▶ _Exercise aim_: Pictures aside, write every record out again word for word.
═════ Input data ═════
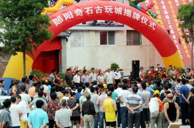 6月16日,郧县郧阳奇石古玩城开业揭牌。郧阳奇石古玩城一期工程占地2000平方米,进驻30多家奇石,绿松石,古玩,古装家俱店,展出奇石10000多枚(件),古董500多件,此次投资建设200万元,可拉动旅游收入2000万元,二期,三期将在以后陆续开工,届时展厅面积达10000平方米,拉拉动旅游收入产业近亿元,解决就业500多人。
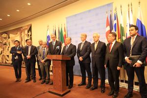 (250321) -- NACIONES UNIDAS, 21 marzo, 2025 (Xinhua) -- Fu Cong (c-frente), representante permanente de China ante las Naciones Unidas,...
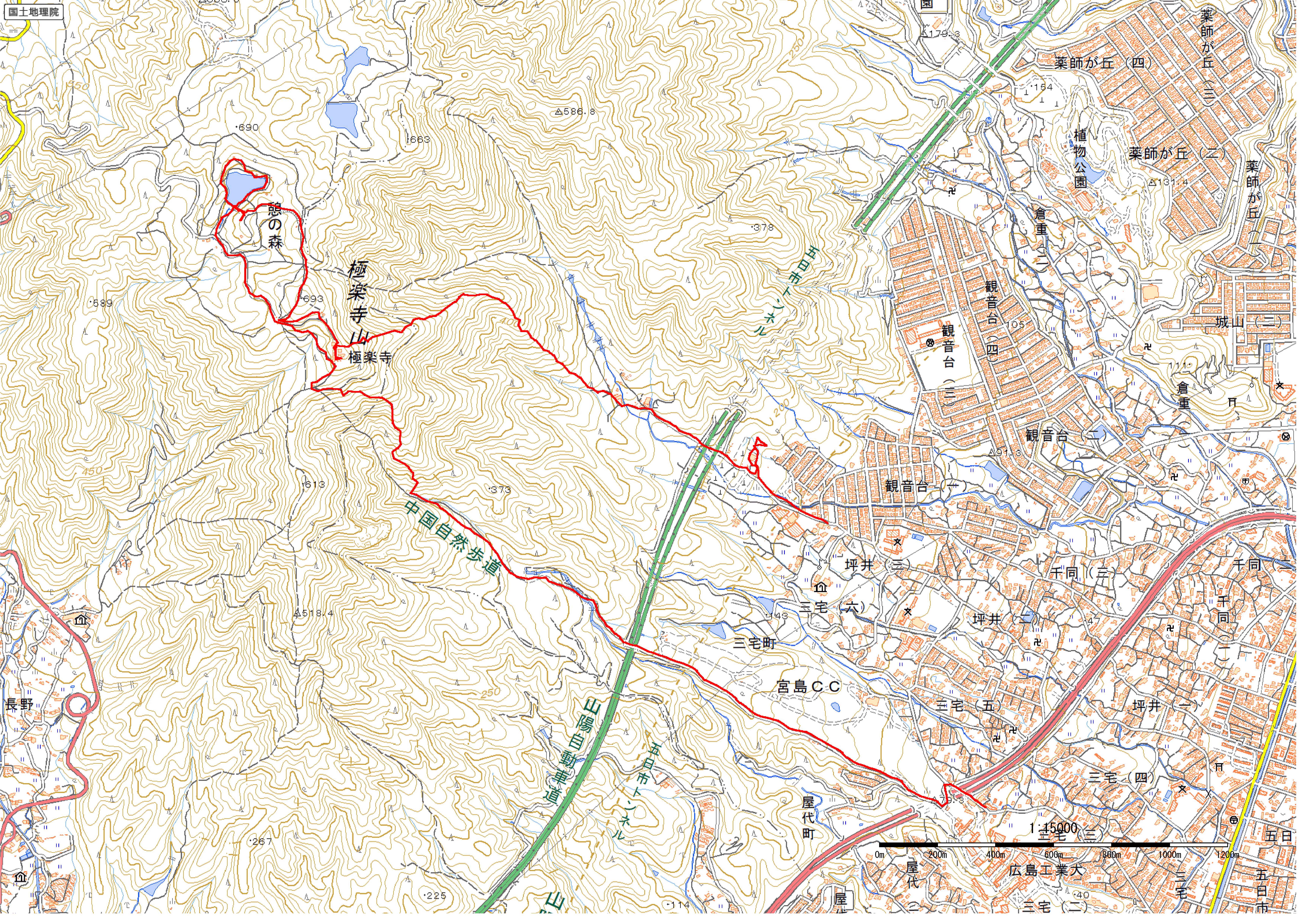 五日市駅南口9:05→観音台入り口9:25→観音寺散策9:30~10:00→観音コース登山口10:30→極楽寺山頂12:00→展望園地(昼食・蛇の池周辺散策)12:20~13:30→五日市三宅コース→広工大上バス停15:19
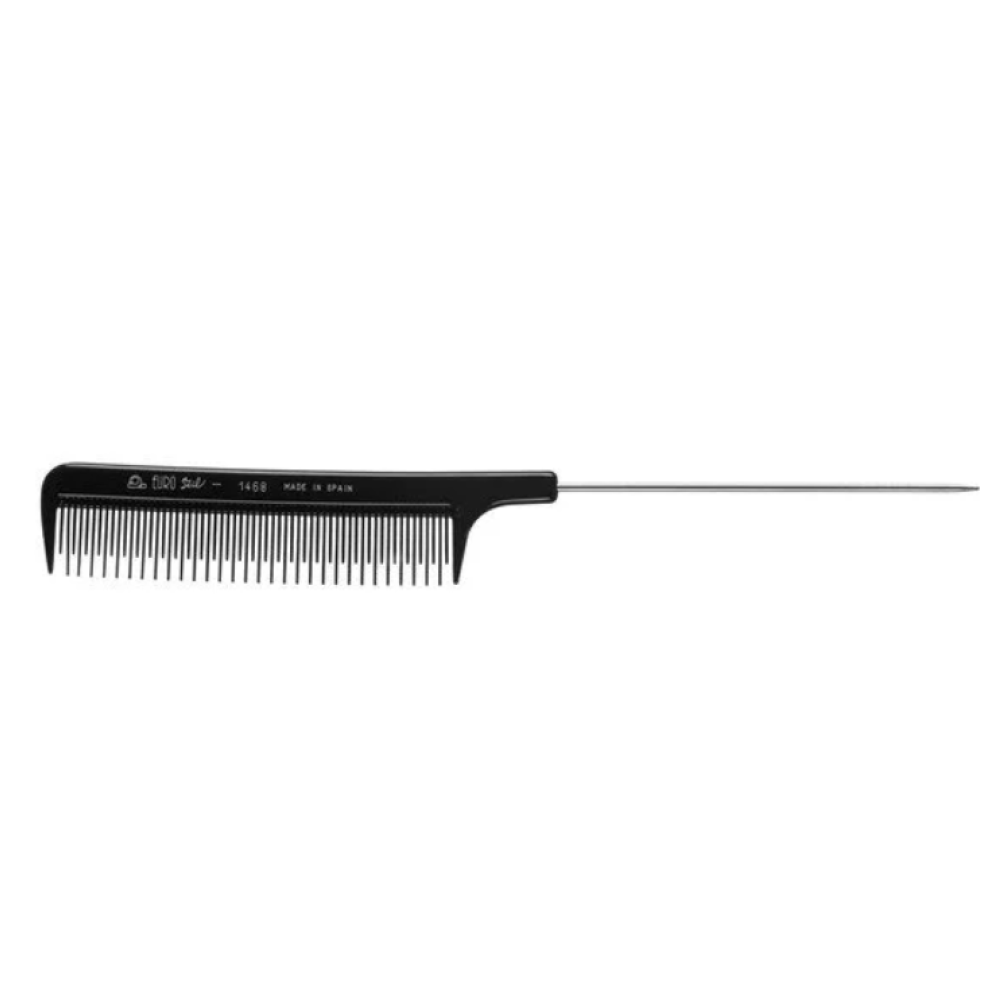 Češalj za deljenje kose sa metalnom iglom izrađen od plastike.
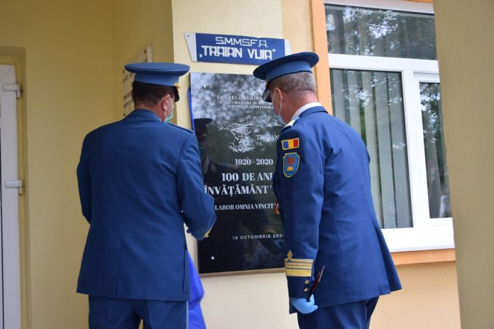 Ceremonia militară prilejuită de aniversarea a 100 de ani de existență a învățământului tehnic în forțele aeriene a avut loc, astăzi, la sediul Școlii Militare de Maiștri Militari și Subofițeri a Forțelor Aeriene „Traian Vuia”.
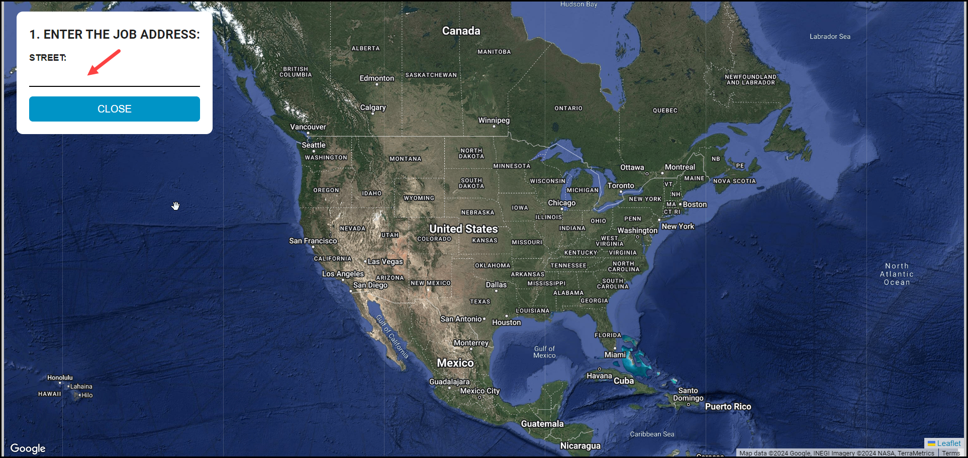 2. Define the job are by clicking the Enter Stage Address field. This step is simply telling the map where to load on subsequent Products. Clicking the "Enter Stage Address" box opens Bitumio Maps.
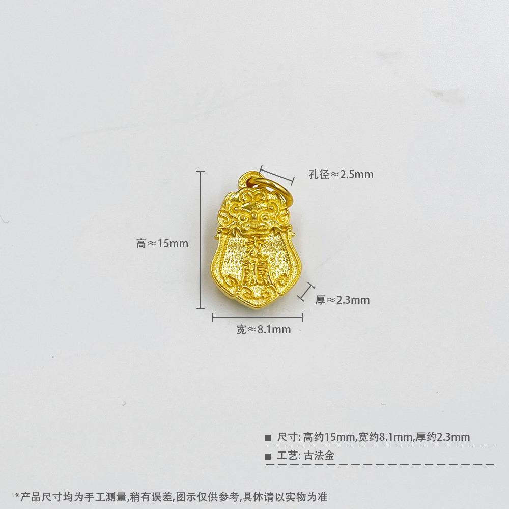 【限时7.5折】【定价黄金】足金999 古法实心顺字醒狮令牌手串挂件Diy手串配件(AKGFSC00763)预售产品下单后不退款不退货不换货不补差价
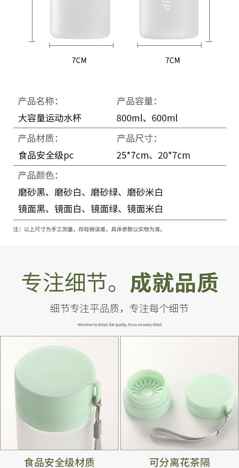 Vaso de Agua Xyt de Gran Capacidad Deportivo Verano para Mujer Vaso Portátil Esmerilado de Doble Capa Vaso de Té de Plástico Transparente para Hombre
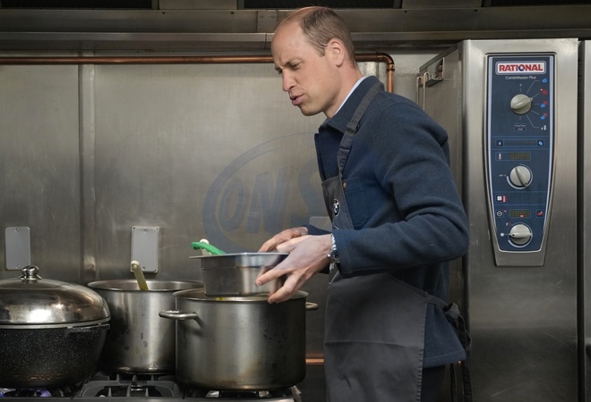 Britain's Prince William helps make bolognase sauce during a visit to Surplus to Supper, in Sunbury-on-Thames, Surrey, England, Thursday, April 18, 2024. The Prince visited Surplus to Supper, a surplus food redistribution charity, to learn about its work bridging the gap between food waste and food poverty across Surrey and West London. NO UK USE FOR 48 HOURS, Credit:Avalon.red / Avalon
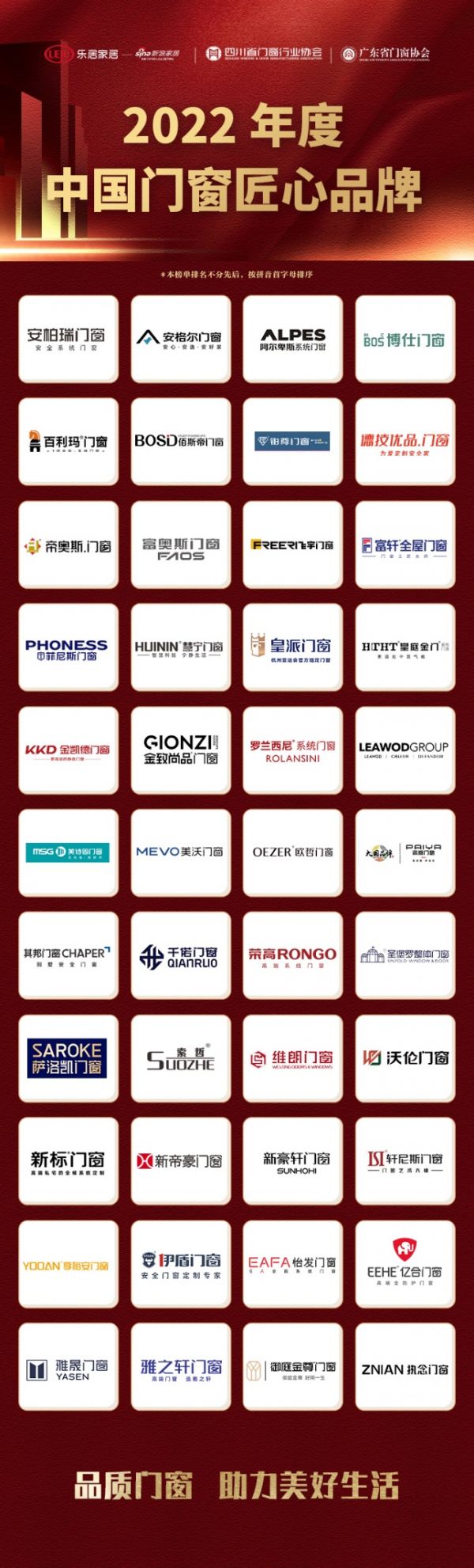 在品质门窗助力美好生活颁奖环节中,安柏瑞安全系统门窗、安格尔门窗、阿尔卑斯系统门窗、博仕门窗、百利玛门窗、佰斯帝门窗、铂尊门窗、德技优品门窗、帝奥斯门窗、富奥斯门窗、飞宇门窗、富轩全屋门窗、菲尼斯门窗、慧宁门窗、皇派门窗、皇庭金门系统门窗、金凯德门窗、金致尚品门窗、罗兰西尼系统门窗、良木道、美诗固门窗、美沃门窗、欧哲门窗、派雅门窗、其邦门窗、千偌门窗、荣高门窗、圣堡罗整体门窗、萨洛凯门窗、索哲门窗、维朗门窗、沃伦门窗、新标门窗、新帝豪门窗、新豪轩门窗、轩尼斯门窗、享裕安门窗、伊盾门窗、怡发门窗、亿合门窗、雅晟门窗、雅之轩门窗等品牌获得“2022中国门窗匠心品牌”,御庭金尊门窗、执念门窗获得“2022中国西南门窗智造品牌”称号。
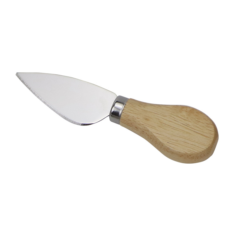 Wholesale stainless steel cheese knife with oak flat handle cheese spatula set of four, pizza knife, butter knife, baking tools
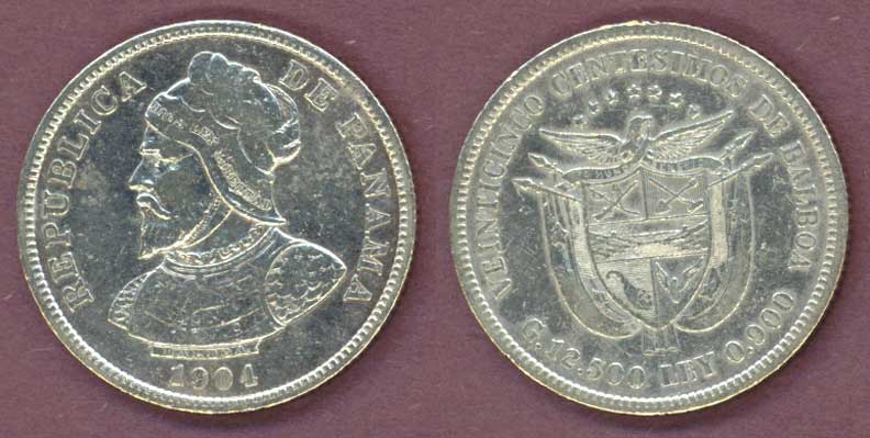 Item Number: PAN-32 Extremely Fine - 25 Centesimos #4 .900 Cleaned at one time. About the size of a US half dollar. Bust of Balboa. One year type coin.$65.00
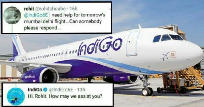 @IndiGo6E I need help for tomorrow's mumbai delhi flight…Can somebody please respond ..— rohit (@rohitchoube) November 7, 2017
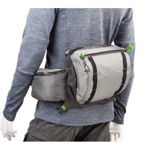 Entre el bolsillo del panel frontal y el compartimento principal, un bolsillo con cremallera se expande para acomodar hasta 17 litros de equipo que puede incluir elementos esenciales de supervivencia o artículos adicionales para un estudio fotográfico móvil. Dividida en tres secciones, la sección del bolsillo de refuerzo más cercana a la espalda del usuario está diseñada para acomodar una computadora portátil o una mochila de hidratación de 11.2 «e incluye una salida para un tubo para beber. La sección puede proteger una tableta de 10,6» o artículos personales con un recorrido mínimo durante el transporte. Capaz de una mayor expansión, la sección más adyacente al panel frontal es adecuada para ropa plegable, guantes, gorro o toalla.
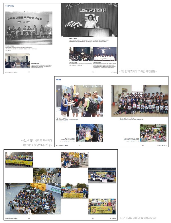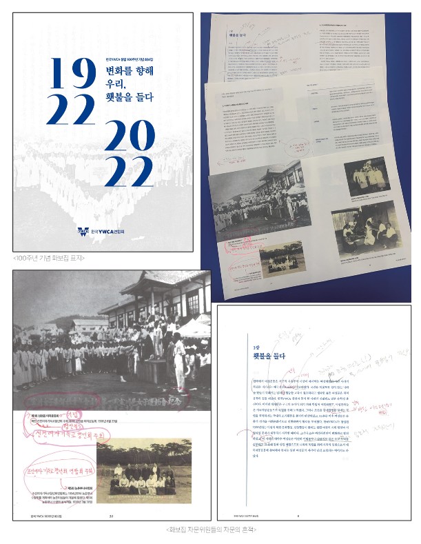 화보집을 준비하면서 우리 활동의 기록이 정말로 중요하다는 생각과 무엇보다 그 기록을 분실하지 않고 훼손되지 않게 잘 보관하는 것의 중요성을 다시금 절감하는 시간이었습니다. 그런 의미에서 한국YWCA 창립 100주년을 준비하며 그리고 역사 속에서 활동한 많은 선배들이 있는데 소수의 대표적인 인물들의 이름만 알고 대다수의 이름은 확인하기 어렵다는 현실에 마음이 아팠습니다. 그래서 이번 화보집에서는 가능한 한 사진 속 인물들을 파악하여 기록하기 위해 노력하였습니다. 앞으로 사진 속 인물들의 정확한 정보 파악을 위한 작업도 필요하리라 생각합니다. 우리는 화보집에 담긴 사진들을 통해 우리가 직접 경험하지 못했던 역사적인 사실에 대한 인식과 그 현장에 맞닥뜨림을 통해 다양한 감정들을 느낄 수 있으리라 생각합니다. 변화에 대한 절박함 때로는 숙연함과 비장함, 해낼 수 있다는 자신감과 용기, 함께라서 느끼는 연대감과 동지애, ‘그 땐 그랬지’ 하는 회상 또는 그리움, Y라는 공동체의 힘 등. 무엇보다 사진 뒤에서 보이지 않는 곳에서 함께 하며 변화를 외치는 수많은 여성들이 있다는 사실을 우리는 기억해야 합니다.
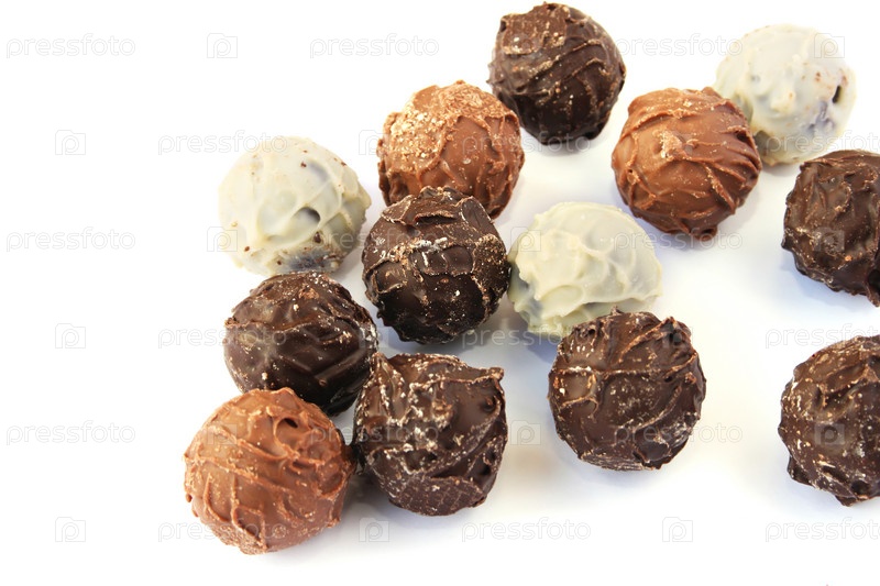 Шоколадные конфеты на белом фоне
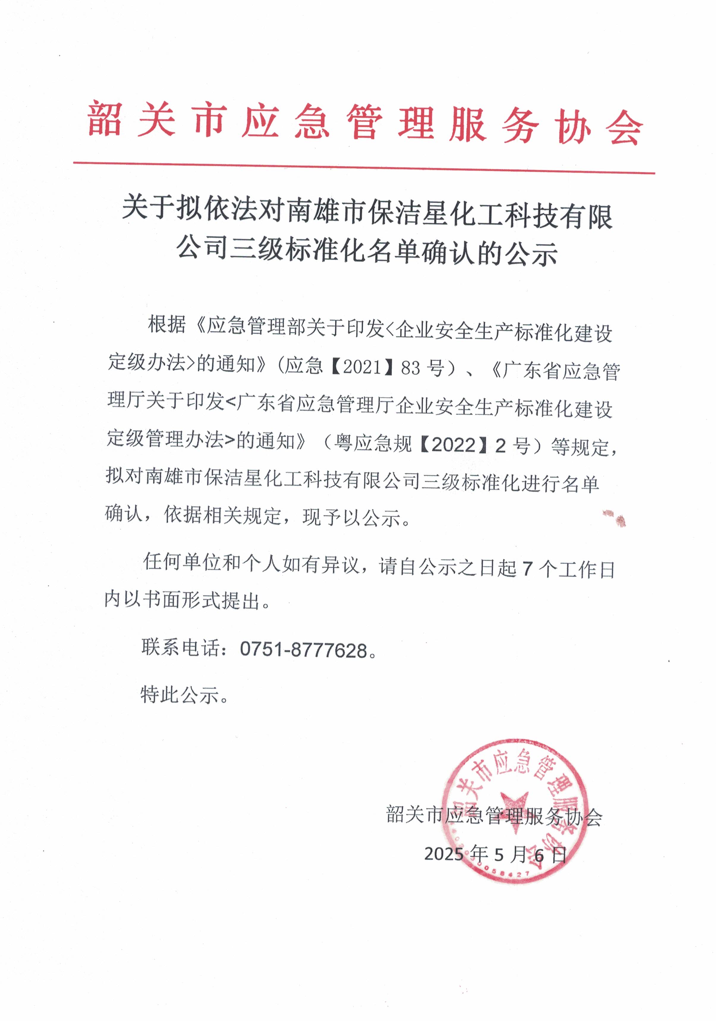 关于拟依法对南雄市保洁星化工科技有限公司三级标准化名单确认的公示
═════
▶ _Exercise result_:
 6月16日,郧县郧阳奇石古玩城开业揭牌。郧阳奇石古玩城一期工程占地2000平方米,进驻30多家奇石,绿松石,古玩,古装家俱店,展出奇石10000多枚(件),古董500多件,此次投资建设200万元,可拉动旅游收入2000万元,二期,三期将在以后陆续开工,届时展厅面积达10000平方米,拉拉动旅游收入产业近亿元,解决就业500多人。
 (250321) -- NACIONES UNIDAS, 21 marzo, 2025 (Xinhua) -- Fu Cong (c-frente), representante permanente de China ante las Naciones Unidas,...
 五日市駅南口9:05→観音台入り口9:25→観音寺散策9:30~10:00→観音コース登山口10:30→極楽寺山頂12:00→展望園地(昼食・蛇の池周辺散策)12:20~13:30→五日市三宅コース→広工大上バス停15:19
 Češalj za deljenje kose sa metalnom iglom izrađen od plastike.
 Ceremonia militară prilejuită de aniversarea a 100 de ani de existență a învățământului tehnic în forțele aeriene a avut loc, astăzi, la sediul Școlii Militare de Maiștri Militari și Subofițeri a Forțelor Aeriene „Traian Vuia”.
 2. Define the job are by clicking the Enter Stage Address field. This step is simply telling the map where to load on subsequent Products. Clicking the "Enter Stage Address" box opens Bitumio Maps.
 【限时7.5折】【定价黄金】足金999 古法实心顺字醒狮令牌手串挂件Diy手串配件(AKGFSC00763)预售产品下单后不退款不退货不换货不补差价
 Vaso de Agua Xyt de Gran Capacidad Deportivo Verano para Mujer Vaso Portátil Esmerilado de Doble Capa Vaso de Té de Plástico Transparente para Hombre
 Britain's Prince William helps make bolognase sauce during a visit to Surplus to Supper, in Sunbury-on-Thames, Surrey, England, Thursday, April 18, 2024. The Prince visited Surplus to Supper, a surplus food redistribution charity, to learn about its work bridging the gap between food waste and food poverty across Surrey and West London. NO UK USE FOR 48 HOURS, Credit:Avalon.red / Avalon
 在品质门窗助力美好生活颁奖环节中,安柏瑞安全系统门窗、安格尔门窗、阿尔卑斯系统门窗、博仕门窗、百利玛门窗、佰斯帝门窗、铂尊门窗、德技优品门窗、帝奥斯门窗、富奥斯门窗、飞宇门窗、富轩全屋门窗、菲尼斯门窗、慧宁门窗、皇派门窗、皇庭金门系统门窗、金凯德门窗、金致尚品门窗、罗兰西尼系统门窗、良木道、美诗固门窗、美沃门窗、欧哲门窗、派雅门窗、其邦门窗、千偌门窗、荣高门窗、圣堡罗整体门窗、萨洛凯门窗、索哲门窗、维朗门窗、沃伦门窗、新标门窗、新帝豪门窗、新豪轩门窗、轩尼斯门窗、享裕安门窗、伊盾门窗、怡发门窗、亿合门窗、雅晟门窗、雅之轩门窗等品牌获得“2022中国门窗匠心品牌”,御庭金尊门窗、执念门窗获得“2022中国西南门窗智造品牌”称号。
 Wholesale stainless steel cheese knife with oak flat handle cheese spatula set of four, pizza knife, butter knife, baking tools
 Item Number: PAN-32 Extremely Fine - 25 Centesimos #4 .900 Cleaned at one time. About the size of a US half dollar. Bust of Balboa. One year type coin.$65.00
 @IndiGo6E I need help for tomorrow's mumbai delhi flight…Can somebody please respond ..— rohit (@rohitchoube) November 7, 2017
 Entre el bolsillo del panel frontal y el compartimento principal, un bolsillo con cremallera se expande para acomodar hasta 17 litros de equipo que puede incluir elementos esenciales de supervivencia o artículos adicionales para un estudio fotográfico móvil. Dividida en tres secciones, la sección del bolsillo de refuerzo más cercana a la espalda del usuario está diseñada para acomodar una computadora portátil o una mochila de hidratación de 11.2 «e incluye una salida para un tubo para beber. La sección puede proteger una tableta de 10,6» o artículos personales con un recorrido mínimo durante el transporte. Capaz de una mayor expansión, la sección más adyacente al panel frontal es adecuada para ropa plegable, guantes, gorro o toalla.
 화보집을 준비하면서 우리 활동의 기록이 정말로 중요하다는 생각과 무엇보다 그 기록을 분실하지 않고 훼손되지 않게 잘 보관하는 것의 중요성을 다시금 절감하는 시간이었습니다. 그런 의미에서 한국YWCA 창립 100주년을 준비하며 그리고 역사 속에서 활동한 많은 선배들이 있는데 소수의 대표적인 인물들의 이름만 알고 대다수의 이름은 확인하기 어렵다는 현실에 마음이 아팠습니다. 그래서 이번 화보집에서는 가능한 한 사진 속 인물들을 파악하여 기록하기 위해 노력하였습니다. 앞으로 사진 속 인물들의 정확한 정보 파악을 위한 작업도 필요하리라 생각합니다. 우리는 화보집에 담긴 사진들을 통해 우리가 직접 경험하지 못했던 역사적인 사실에 대한 인식과 그 현장에 맞닥뜨림을 통해 다양한 감정들을 느낄 수 있으리라 생각합니다. 변화에 대한 절박함 때로는 숙연함과 비장함, 해낼 수 있다는 자신감과 용기, 함께라서 느끼는 연대감과 동지애, ‘그 땐 그랬지’ 하는 회상 또는 그리움, Y라는 공동체의 힘 등. 무엇보다 사진 뒤에서 보이지 않는 곳에서 함께 하며 변화를 외치는 수많은 여성들이 있다는 사실을 우리는 기억해야 합니다.
 Шоколадные конфеты на белом фоне
 关于拟依法对南雄市保洁星化工科技有限公司三级标准化名单确认的公示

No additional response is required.